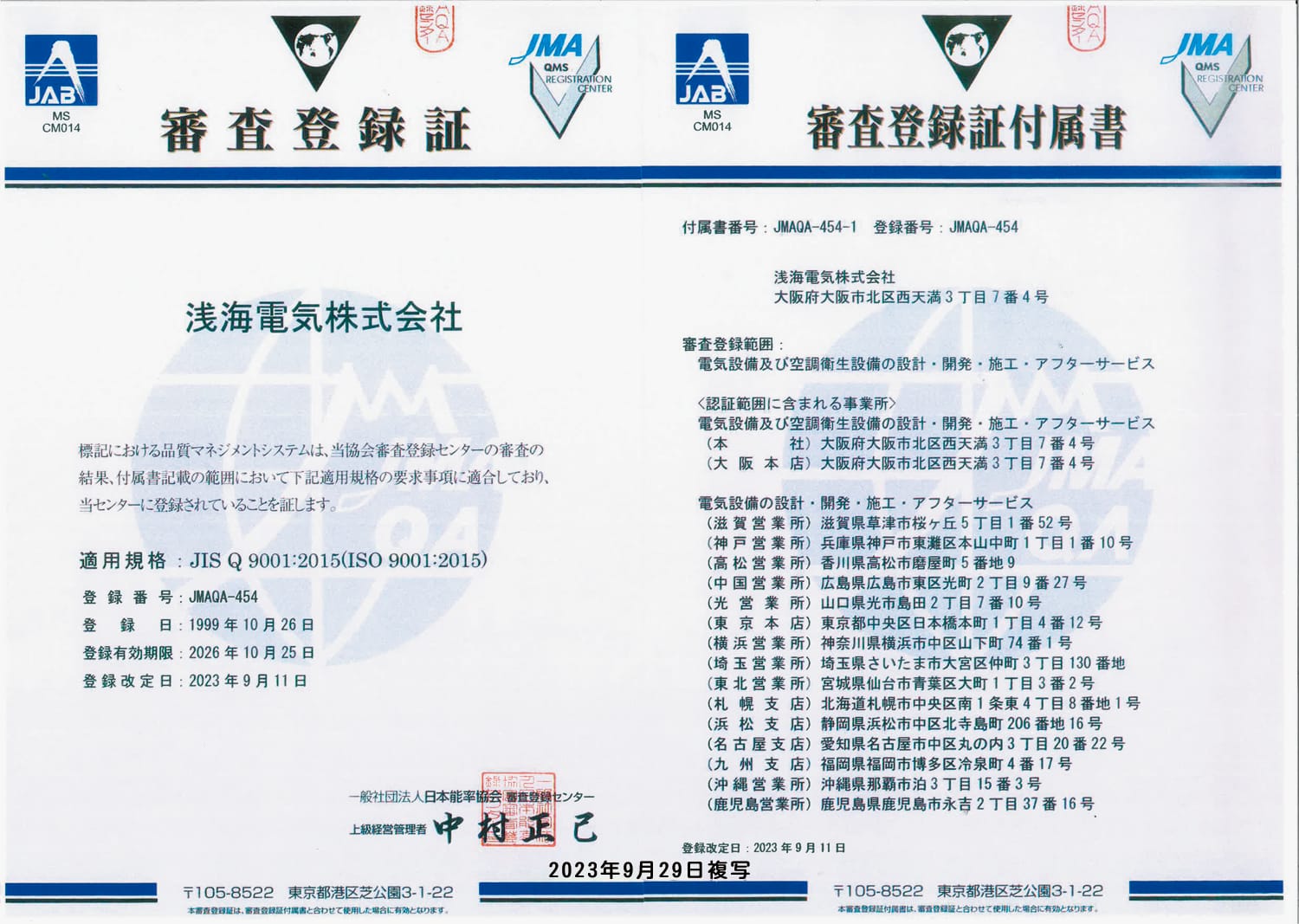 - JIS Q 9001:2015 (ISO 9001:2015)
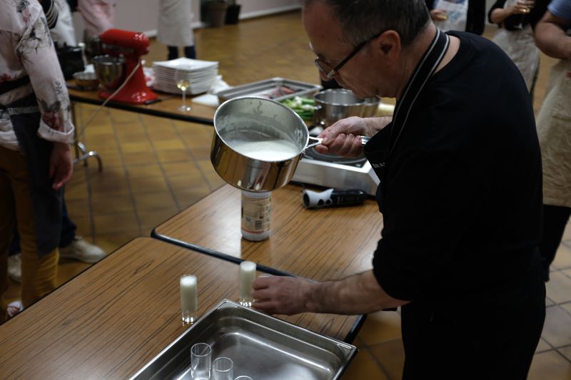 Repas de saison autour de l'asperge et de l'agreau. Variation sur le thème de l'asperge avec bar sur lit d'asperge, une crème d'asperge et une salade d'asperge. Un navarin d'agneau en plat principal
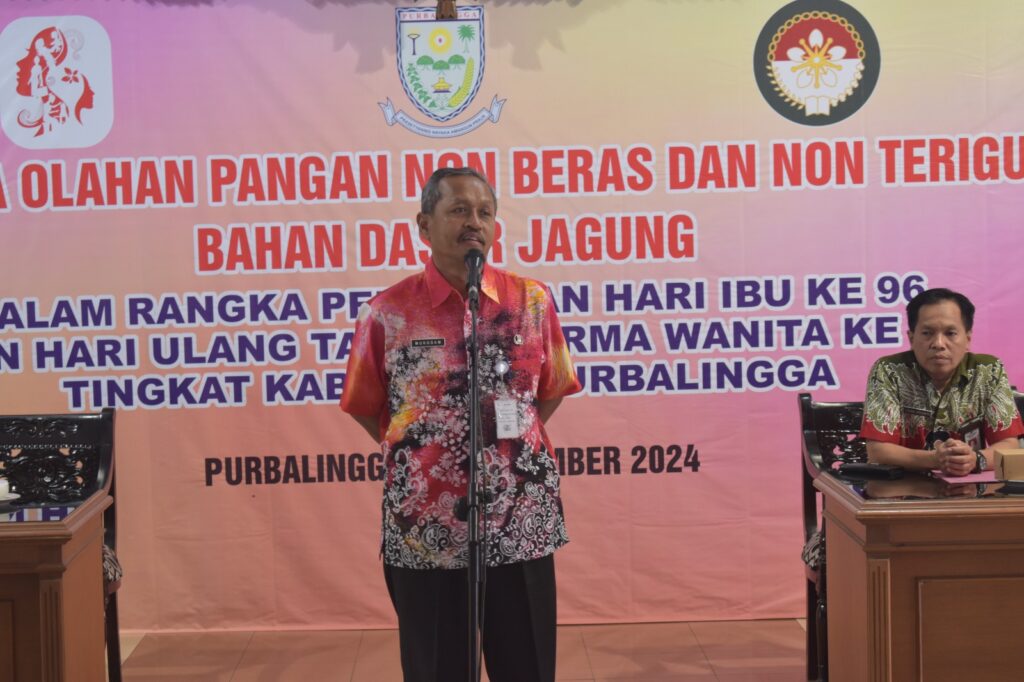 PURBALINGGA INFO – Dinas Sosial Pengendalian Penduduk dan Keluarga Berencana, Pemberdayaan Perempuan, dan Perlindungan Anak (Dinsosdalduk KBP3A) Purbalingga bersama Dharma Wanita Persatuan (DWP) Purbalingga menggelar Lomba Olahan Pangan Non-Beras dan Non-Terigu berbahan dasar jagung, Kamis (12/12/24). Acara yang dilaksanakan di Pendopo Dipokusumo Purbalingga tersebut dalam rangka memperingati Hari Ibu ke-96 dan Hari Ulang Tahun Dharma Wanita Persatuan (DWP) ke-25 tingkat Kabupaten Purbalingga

▬▬▬▬▬▬▬▬▬▬

Word for word, restate the lines above from the first through the one that contains "Repas de saison", and exclude all pictures.

 - JIS Q 9001:2015 (ISO 9001:2015)
 Repas de saison autour de l'asperge et de l'agreau. Variation sur le thème de l'asperge avec bar sur lit d'asperge, une crème d'asperge et une salade d'asperge. Un navarin d'agneau en plat principal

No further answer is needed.